• [What the exercise asks] Once you find the line below that has "Soyabean Oil with", output it and every line after it exactly, stopping after the line that has "Therefore have I", with no pictures.

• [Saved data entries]
++++++++++++++++++++
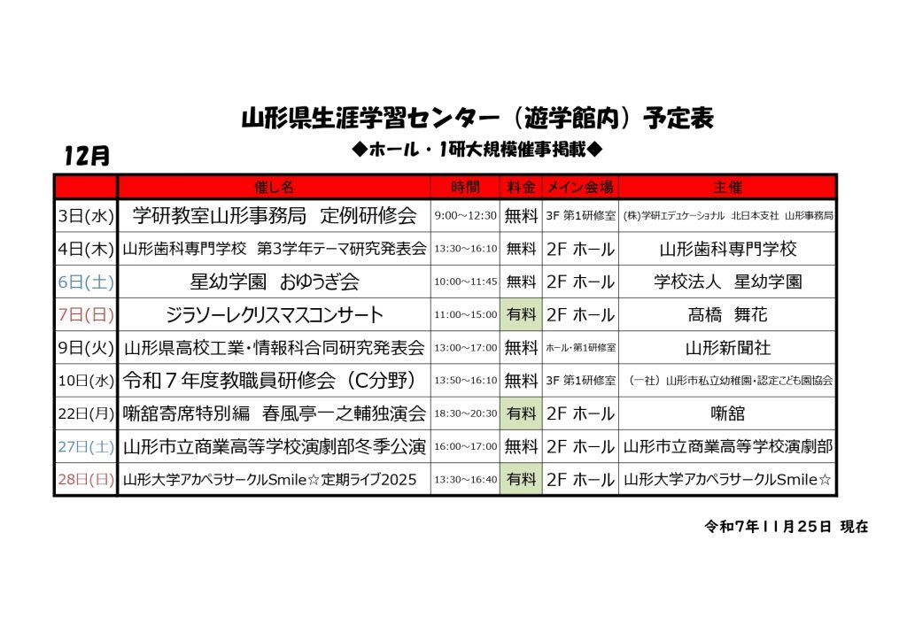 令和7年12月大規模催事(ホール・第1研修室)予定表
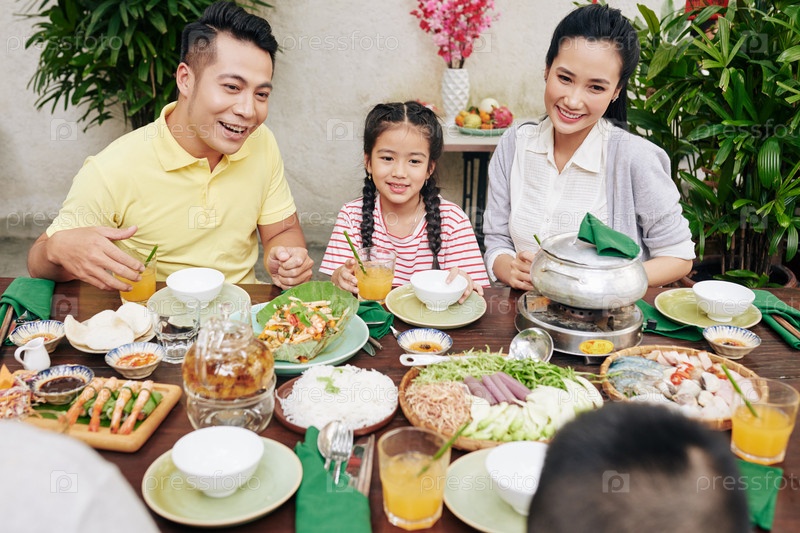 Родители и дети на семейном празднике
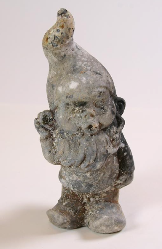 A garden gnome perches in a glass case like a Japanese teapot glazed with fly ash. Bottles slumped to half their size, glasses bent crooked in air in excess of 1300º, vases baked down to lumps are displayed. The case of a Canon camera, blown up like a metal balloon, is filled with ashy powder. I read that the camera belonged to a woman who sought refuge from the flames by climbing into the drinking water tank in her garden.
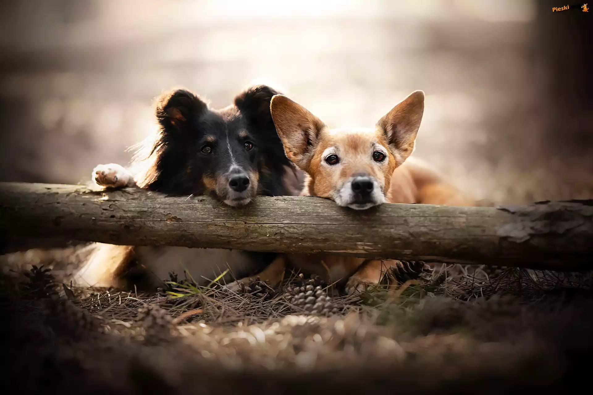 Kłoda, Dwa, Drzewa, Owczarek szetlandzki, Psy, Kundelek, Szyszki, Pieski
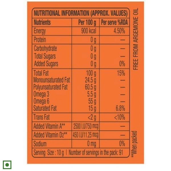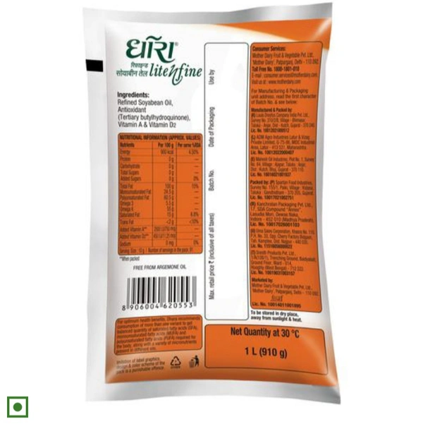 Soyabean Oil with Nutri-V 1 Litter Oil Pouch is famous edible / cooking oil in the Indian Kitchen. And it contains usual plant sterols that help in plummeting cholesterol. The usual taste of Soyabean oil improves the flavour of foodstuff, and works healthy with other elements as well as oils and fats, making it suitable for eating in salad dressings, baked foods and sauces.
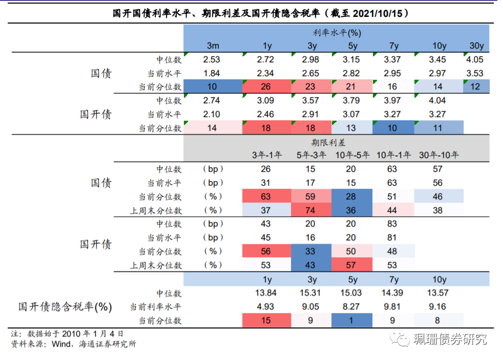 3M、30Y国债收益率仍低。从收益率绝对水平来看,3M、30Y国债利率均处于偏低位,分位数分别为10%、12%,其余关键期限国债利率均处于14%~26%分位数区间。相比于国债,国开债收益率所处分位数水平整体更低,均位于18%分位数及以下。国债期限利差大多收窄、国开债期限利差大多走阔。上周,10Y-1Y国债利差走阔4BP至63BP;3Y-1Y国债期限利差最陡,处于63%分位数;国开债曲线3Y-1Y期限利差最陡(处于56%分位数),10Y-5Y国开债期限利差比国债更为陡峭。隐含税率处于偏低水平。从隐含税率来看,10年期国开债隐含税率持续下行至9.2%,位于8%分位数,其余期限隐含税率所处分位数也整体偏低(均处于15%分位数及以下)。![]()
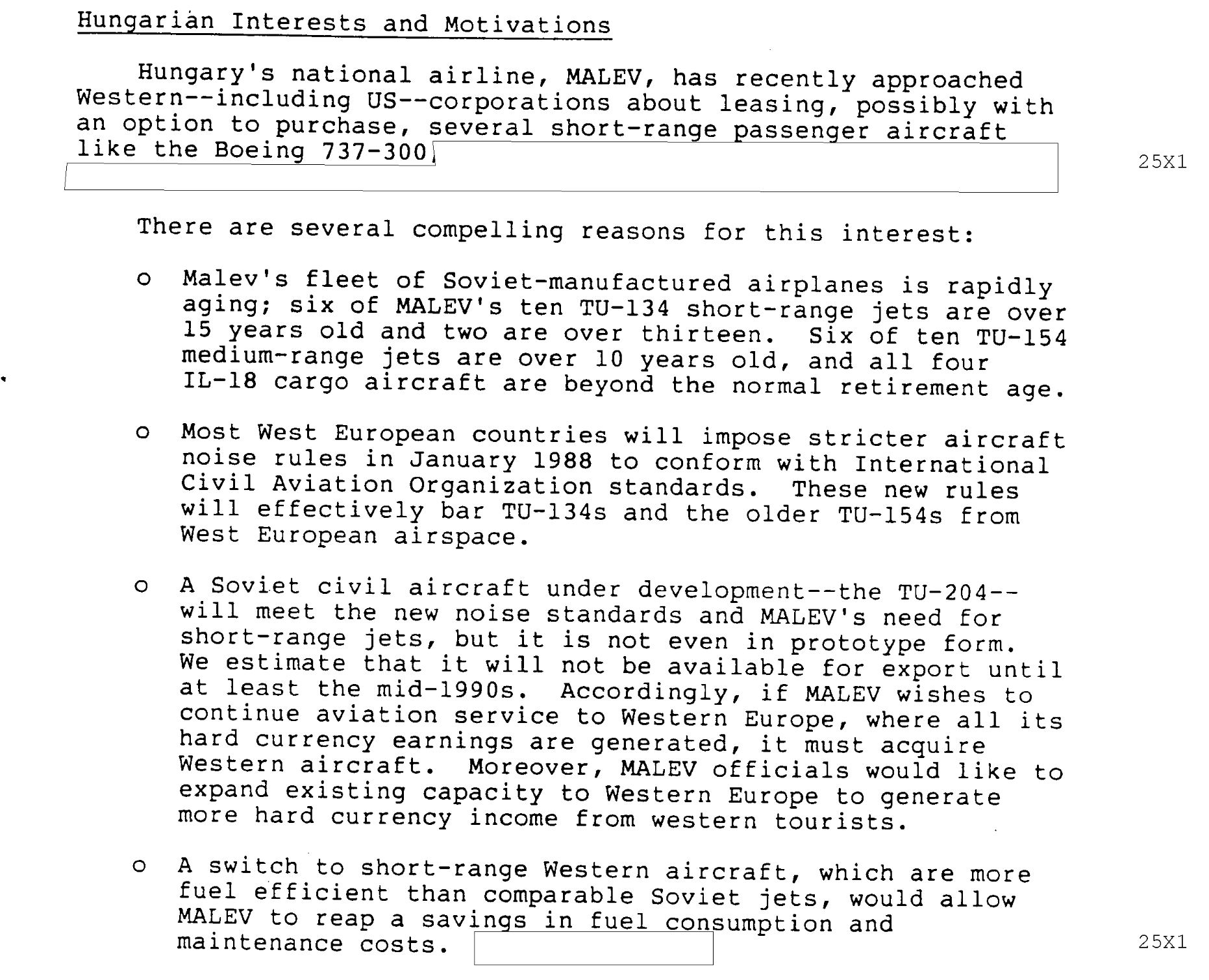 MALEV und Tu-204 spielt in diesem Dokument des CIA aus dem Jahr 1986 auch eine Rolle:
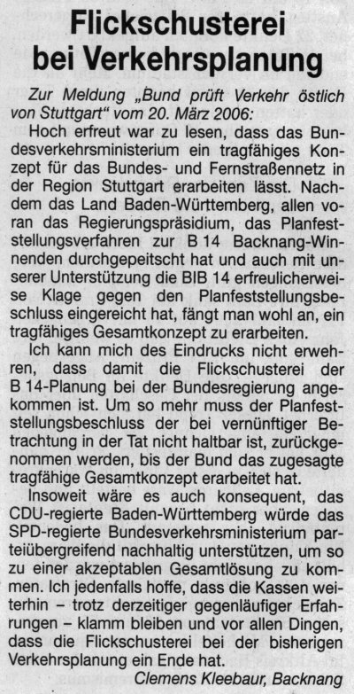 Quelle: Backnanger Kreiszeitung vom 22. März 2006.
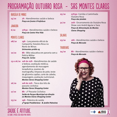 A campanha Outubro Rosa tem realização da Secretaria de Estado de Saúde de Minas Gerais (SES-MG) e da Superintendência Regional de Saúde de Montes Claros (SRS) e apoio da Associação de Indústria e Comércio de Montes Claros (ACI), Associação Presente de Apoio ao Paciente com Câncer Padre Joãozinho, Avon Cosméticos, Canal 20, Faculdades Integradas Pitágoras (FIPMoc), Hospital Dilson de Quadros Godinho, Hospital Aroldo Tourinho (HAT), Hospital Universitário Clemente de Faria (HUCF), Inter TV Grande Minas(Globo), Jornal de Notícias, Jornal Gazeta Nortemineira, Blog Let´s Go, Mary Key Cosméticos, Santa Casa de Montes Claros, Programa Revista Geraes, Programa Ronda Geraes, Programa Municipal de Saúde da Mulher e Universidade Estadual de Montes Claros – Unimontes.
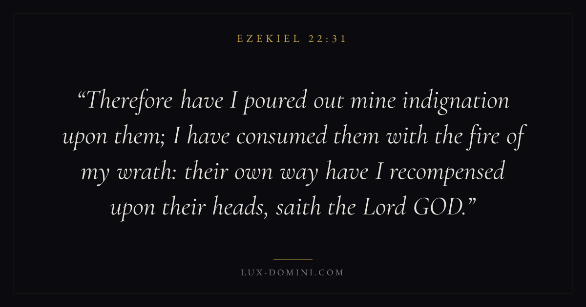 Therefore have I poured out mine indignation upon them; I have consumed them with the fire of my wrath: their own way have I recompensed upon their heads, saith the Lord GOD.
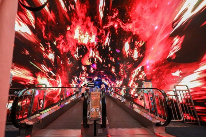Para entrar en el Jungka Polar Ocean World, primero pasará por una larga escalera mecánica. Aquí, la escalera mecánica no es solo una escalera mecánica. En la cúpula de la escalera mecánica, hay una impresionante pantalla LED panorámica. La pantalla LED panorámica muestra el proceso de la Tierra desde el Big Bang hasta el nacimiento de los océanos, que es muy magnífico.
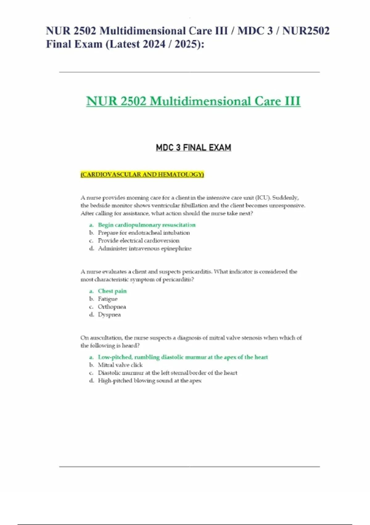 NUR 2502 – Multidimensional Care III (MDC 3) Final Exam – Latest Updated Edition.pdf
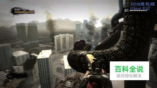 通过爪子后到头了,下面的平台看着很远,觉得是跳不过去,不过还真跳过去了。落地之后捡起地上的枪,干掉飞过来的外星人。杀光外星人后一架飞机会炸段面前的石柱,踩着石柱过去。
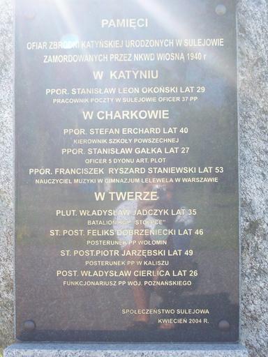 Keywords: Pomnik (05) by Ron.jpg pl Napis na tablicy pomnika ofiar NKWD own Ron whisky 01-06-2008 Monuments and memorials in Sulejów Plaques in Sulejów
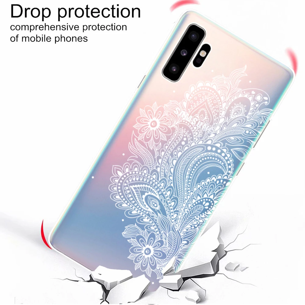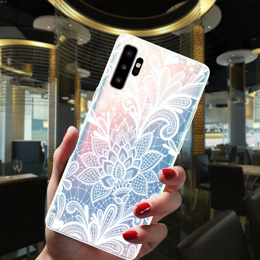 Funda de silicona suave Floral Sexy con encaje de flores Mandala blanca para Samsung NOTE 20 Ultra 5G Note 10 Lite 9 8 J3 J5 J7 J4 J6 Plus
++++++++++++++++++++
• [Reply to the exercise]
 Soyabean Oil with Nutri-V 1 Litter Oil Pouch is famous edible / cooking oil in the Indian Kitchen. And it contains usual plant sterols that help in plummeting cholesterol. The usual taste of Soyabean oil improves the flavour of foodstuff, and works healthy with other elements as well as oils and fats, making it suitable for eating in salad dressings, baked foods and sauces.
 3M、30Y国债收益率仍低。从收益率绝对水平来看,3M、30Y国债利率均处于偏低位,分位数分别为10%、12%,其余关键期限国债利率均处于14%~26%分位数区间。相比于国债,国开债收益率所处分位数水平整体更低,均位于18%分位数及以下。国债期限利差大多收窄、国开债期限利差大多走阔。上周,10Y-1Y国债利差走阔4BP至63BP;3Y-1Y国债期限利差最陡,处于63%分位数;国开债曲线3Y-1Y期限利差最陡(处于56%分位数),10Y-5Y国开债期限利差比国债更为陡峭。隐含税率处于偏低水平。从隐含税率来看,10年期国开债隐含税率持续下行至9.2%,位于8%分位数,其余期限隐含税率所处分位数也整体偏低(均处于15%分位数及以下)。![]()
 MALEV und Tu-204 spielt in diesem Dokument des CIA aus dem Jahr 1986 auch eine Rolle:
 Quelle: Backnanger Kreiszeitung vom 22. März 2006.
 A campanha Outubro Rosa tem realização da Secretaria de Estado de Saúde de Minas Gerais (SES-MG) e da Superintendência Regional de Saúde de Montes Claros (SRS) e apoio da Associação de Indústria e Comércio de Montes Claros (ACI), Associação Presente de Apoio ao Paciente com Câncer Padre Joãozinho, Avon Cosméticos, Canal 20, Faculdades Integradas Pitágoras (FIPMoc), Hospital Dilson de Quadros Godinho, Hospital Aroldo Tourinho (HAT), Hospital Universitário Clemente de Faria (HUCF), Inter TV Grande Minas(Globo), Jornal de Notícias, Jornal Gazeta Nortemineira, Blog Let´s Go, Mary Key Cosméticos, Santa Casa de Montes Claros, Programa Revista Geraes, Programa Ronda Geraes, Programa Municipal de Saúde da Mulher e Universidade Estadual de Montes Claros – Unimontes.
 Therefore have I poured out mine indignation upon them; I have consumed them with the fire of my wrath: their own way have I recompensed upon their heads, saith the Lord GOD.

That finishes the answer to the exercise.